[Service Fabric] Auto-scaling your Service Fabric cluster–Part II
In Part I of this article, I demonstrated how to set up auto-scaling on the Service Fabric clusters scale set based on a metric that is part of a VM scale set (Percentage CPU). This setting doesn't have much to do at all with the applications that are running in your cluster, it's just a pure hardware scaling that may take place because of your services CPU consumption or some other thing consuming CPU.
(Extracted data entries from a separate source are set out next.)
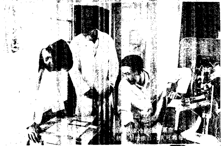
精液母頭百 狀可精每
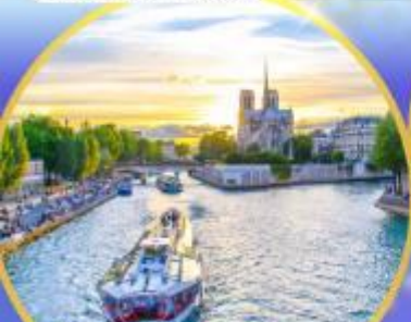
ล่องเรือแม่น้ำเซน
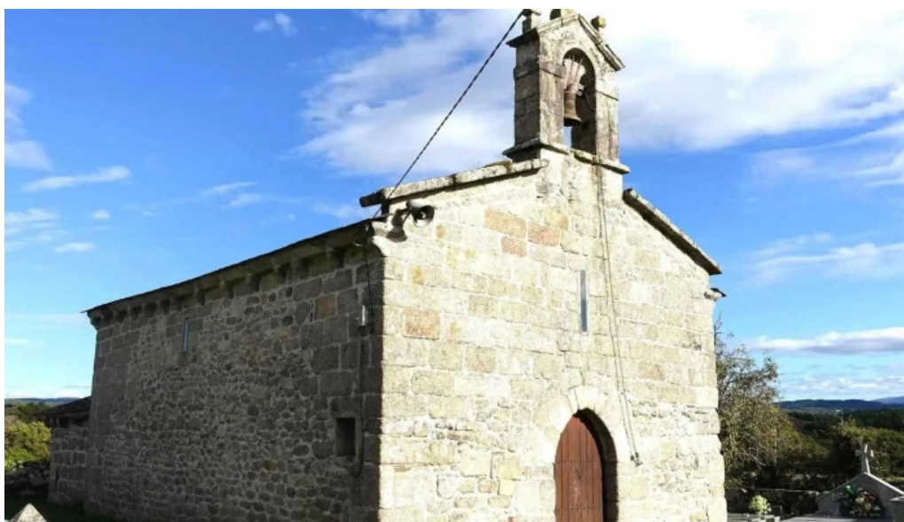
Iglesia de san julian de campelo iglesia catolica
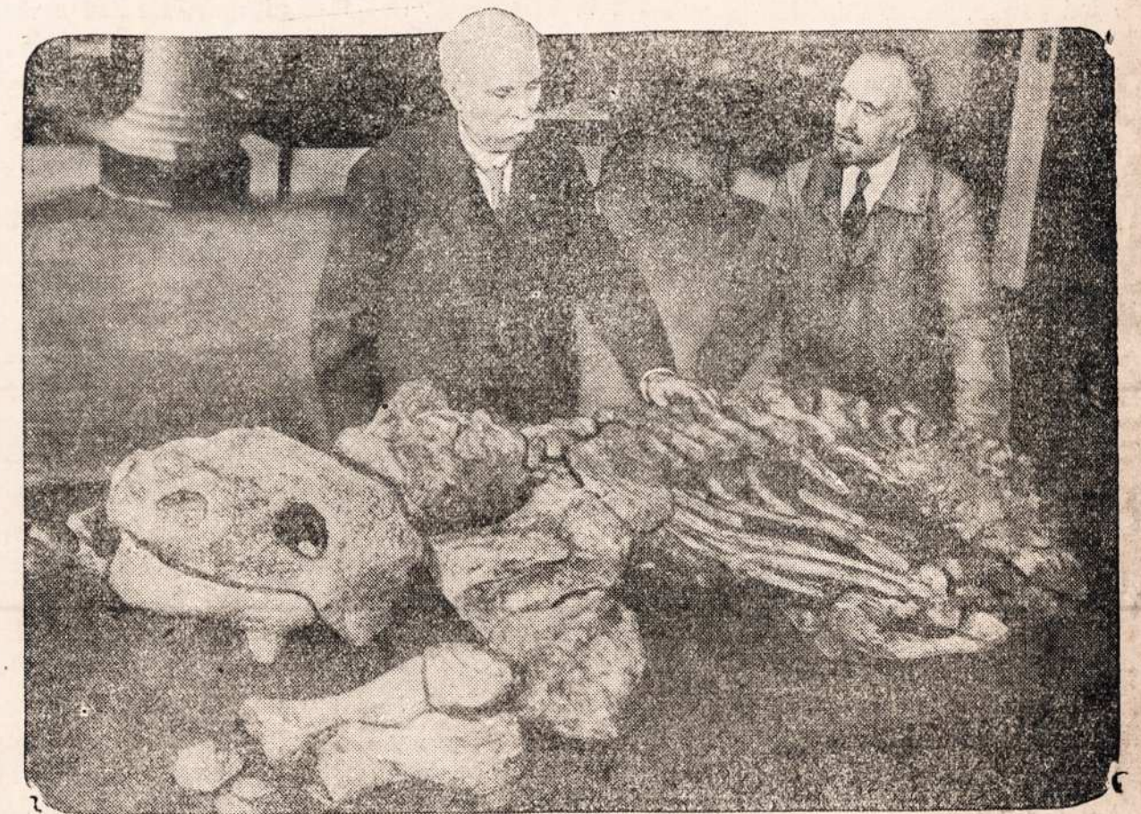
SZITA ŽVERIS GYVENO ANT SVIETO 75 MILIJONUS METU ADGAL.

Politikiszki kalininkai Vokietijoj yra ezionais laikomi per Hitleri kad jam nebutu bledingi ir vela nesutvertu karalystes. Tieji politikiszki kaliniai yra laikomi ant salos Havaj upeje. Tarp areztantu randasi daug žymiu žmoniū kurie likos nusiunsti in tenais per paliepima Hitlerio.
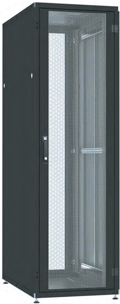
Рис. 9. Розбірна шафа ZPAS IT-456012-45AA-5-161-FP

Що стосується новинок минулого року, то нам назвали модель IT-456012-45AA-5-161-FP (рис. 9). Це універсальна підлогова розбірна шафа висотою 45U, розміри — 600×1200 мм. Шафа має перфоровані передні двері і розпашні задні, максимальний кут відкриття дверей — 180°. Можливий вибір лівостороннього або правостороннього навішування дверей. Також шафи підходять для з'єднання рядами у системі Data Box.
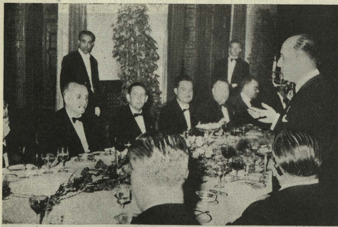
Un detalle de la cena ofrecida por el Ayuntamiento al Alcalde de Barcelona y autoridades de Cataluña
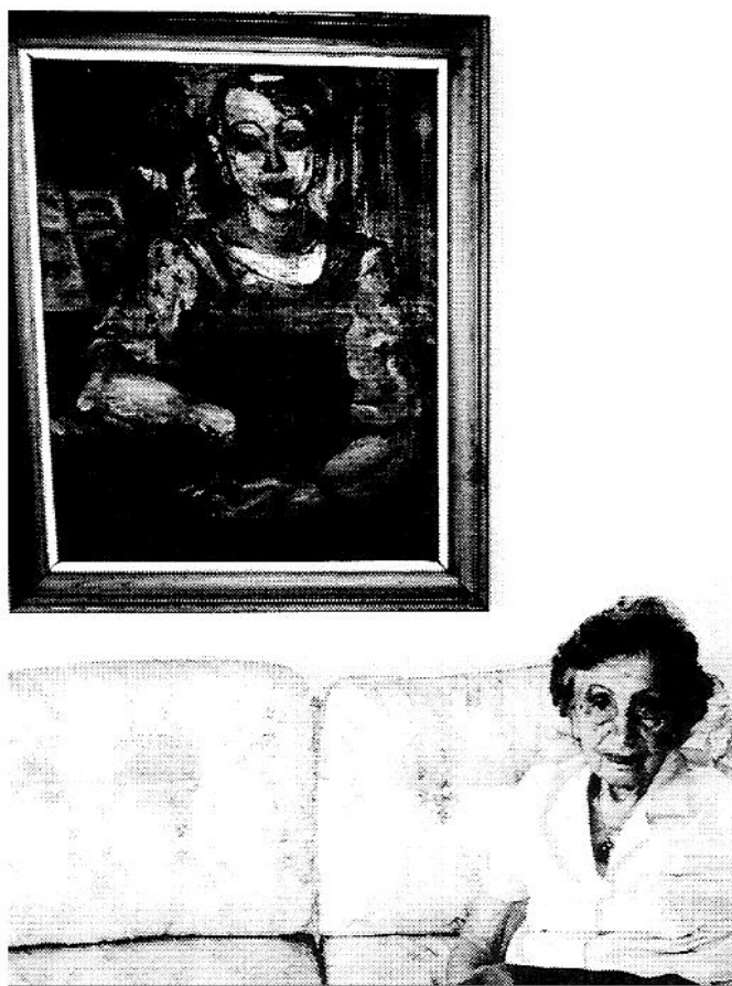
Illustration n° 2
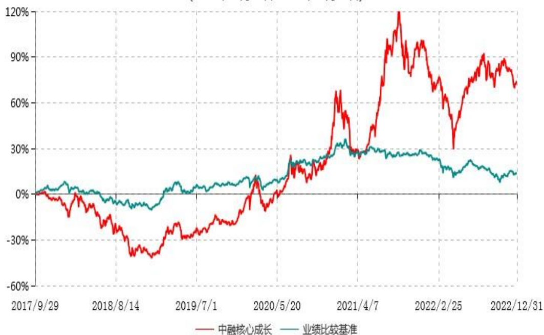
中融核心成长灵活配置混合型证券投资基金累计净值增长率与业绩比较基准收益率历史走势对比图 (2017年09月29日-2022年12月31日)

注：按基金合同和招募说明书的约定，本基金自基金合同生效日起6个月内为建仓期，建仓期结束时本基金的各项投资比例符合基金合同的有关约定。
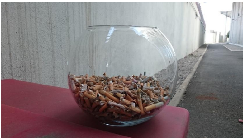
31 mai 2021: Campagne de ramassage des mégots, prise en compte de l'impact environnemental

Recueil des mégots autour de l'établissement, diffusion du projet LSST aux salariés et questionnement sur l'emplacement du futur local pour les fumeurs.
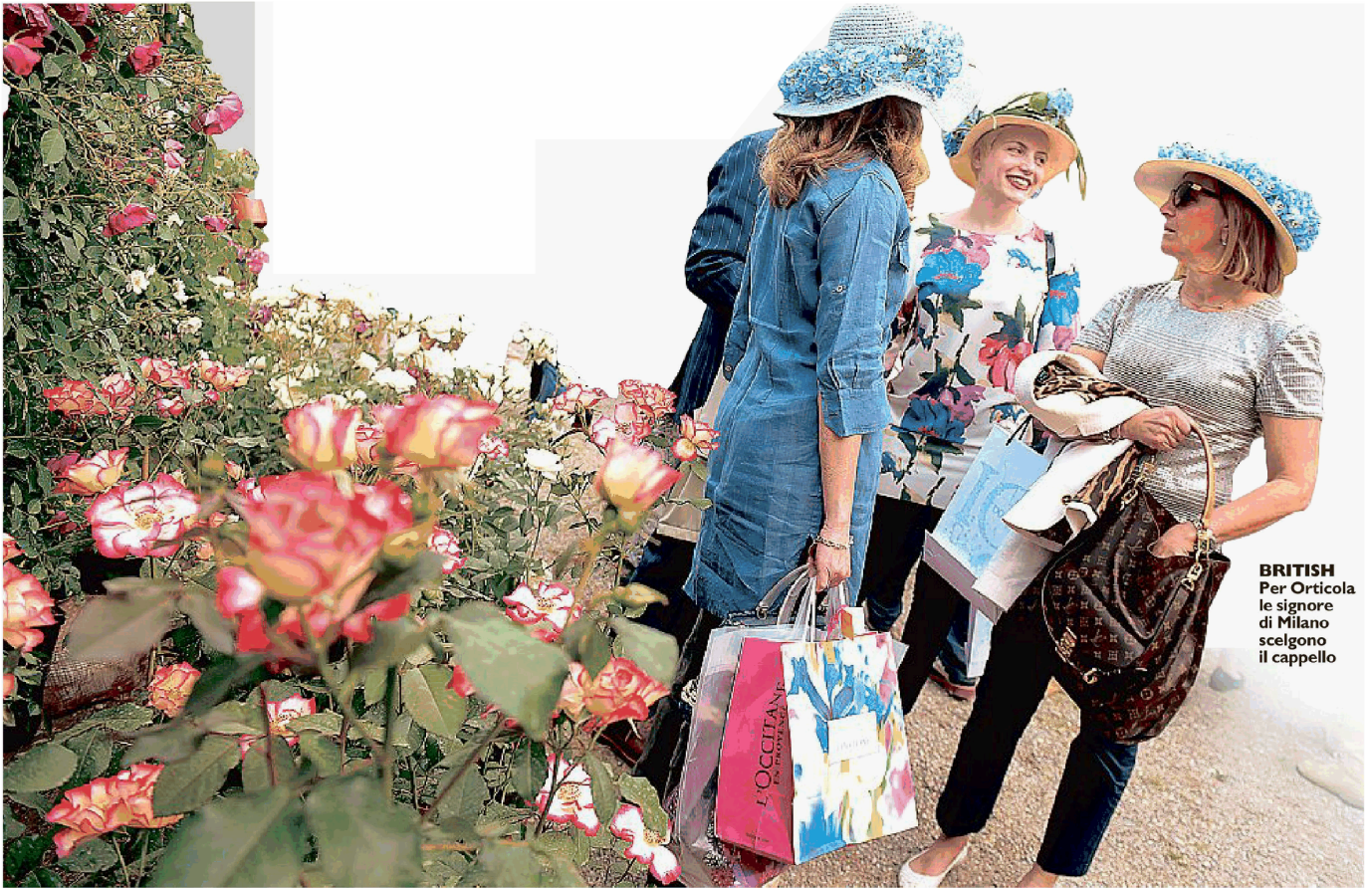
BRITISH Per Orticola le signore di Milano scelgono il cappello
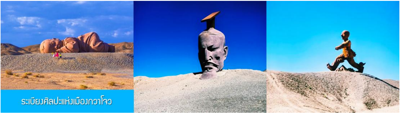
ระเบียบศิลปะแห่งเมืองกวาโจว
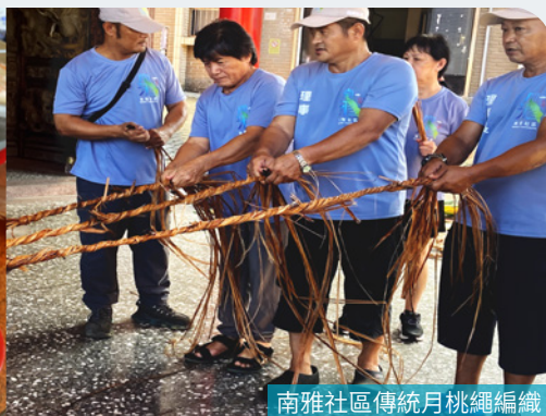
南雅社區傳統月桃繩編織
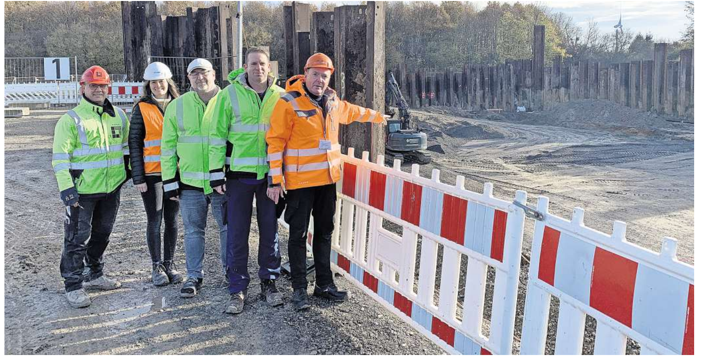
Vor der Baugrube: Die Beteiligten zeigen sich zufrieden mit dem Fortschritt des Wasserwerk-Neubaus in Eckerde.

Besonderes Fundament für einen problematischen Boden: Arbeiten auf der Großbaustelle in Eckerde gehen voran
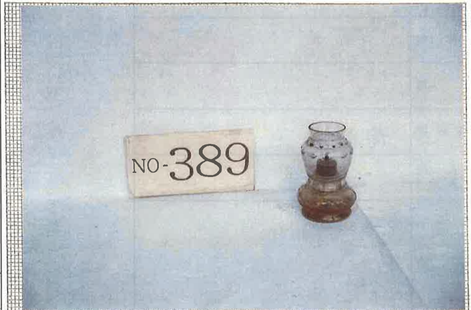
写真・形状・寸法等
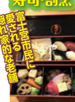
☎老舗の味を堪能できる寿司懐石弁当は3850円
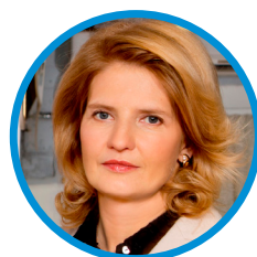
Наталья КАСПЕРСКАЯ генеральный директор компании «InfoWatch»
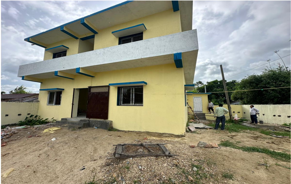
Sonbarsa Health Center Construction Work
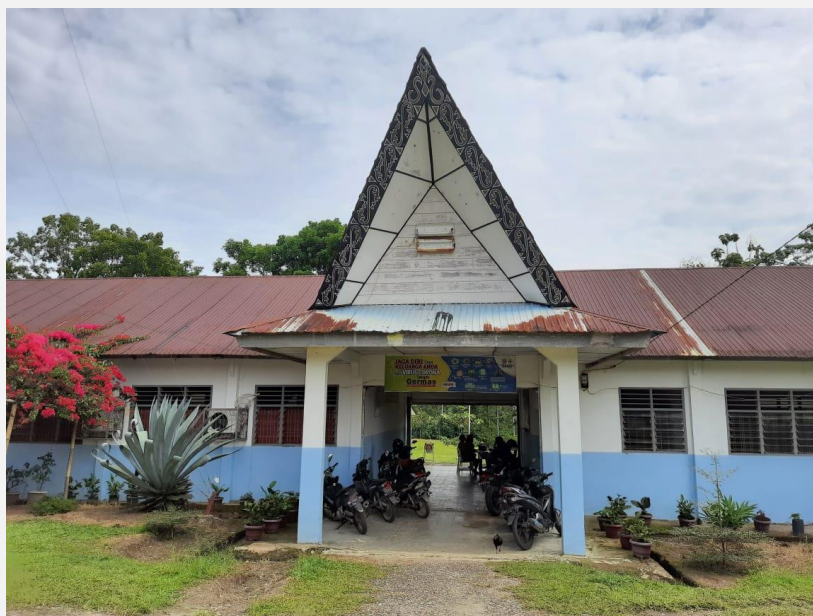
Gambar 1. Latar Depan SMP Negeri 3 Siempat Nempu

Penelitian ini berlatar di Sekolah Menengah Pertama (SMP) Negeri 3 Siempat Nempu yang beralamat di jl. Pendidikan no. 15 sihorbo, kecamatan Siempat Nempu, Kabupaten Dairi. Sekolah ini terletak jauh pusat kota Sidikalang dimana akses internet masih menjadi permasalahan utama pada saat proses daring pada tahun ajaran baru tahun 2020. Akses masuk jaringan internet masih kurang dengan sinyal yang lemah akan tetapi proses daring masih dapat terlaksanakan dan masih ada beberapa pendidik langsung secara door to door ke rumah untuk menjumpai peserta didik dalam interaksi belajar untuk memberikan arahan langsung untuk pengaplikasian M-Learning dan juga proses tahap pembelajaran. Mengingat hal tersebut pendidik harus bekerja lebih keras akan tetapi semangat pendidik juga diapresiasi oleh kepala sekolah dalam tindakan mencegah penularan Covid-19 dan mengantisipasi peserta didik yang tidak bisa melakukan pembelajaran online atau belum mengerti tentang metode M-Learning . Pada awal tahun 2021 pendidik di SMP Negeri 3 Siempat Nempu sepakat tidak lagi melakukan pembelajaran secara door to door mengingat adanya perkembangan Covid-19 yang meningkat. Aksi ini dihentikan atas kebijakan dari kepala sekolah agar pendidik tak lagi melakukan pembelajaran dengan metode door to door . Berikut merupakan latar depan SMP Negeri 3 Siempat Nempu.

There was a recent addition to the auto-scaling capability of a Service Fabric cluster that allows you to use an Application Insights metric, reported by your service to control the cluster scaling. This capability gives you more finite control over not just auto-scaling, but which metric in which service to provide the metric values.
Creating the Application Insights (AI) resource
Using the Azure portal, the cluster resource group appears to have a few strange issues in how you create your AI resource. To make sure you build the resource correctly, follow these steps.
1. Click on the name of the resource group where your cluster is located.
2. Click on the +Add menu item at the top of the resource group blade.
3. Choose to create a new AI resource. In my case, I created a resource that used a General application type and used a different resource group that I keep all my AI resources in.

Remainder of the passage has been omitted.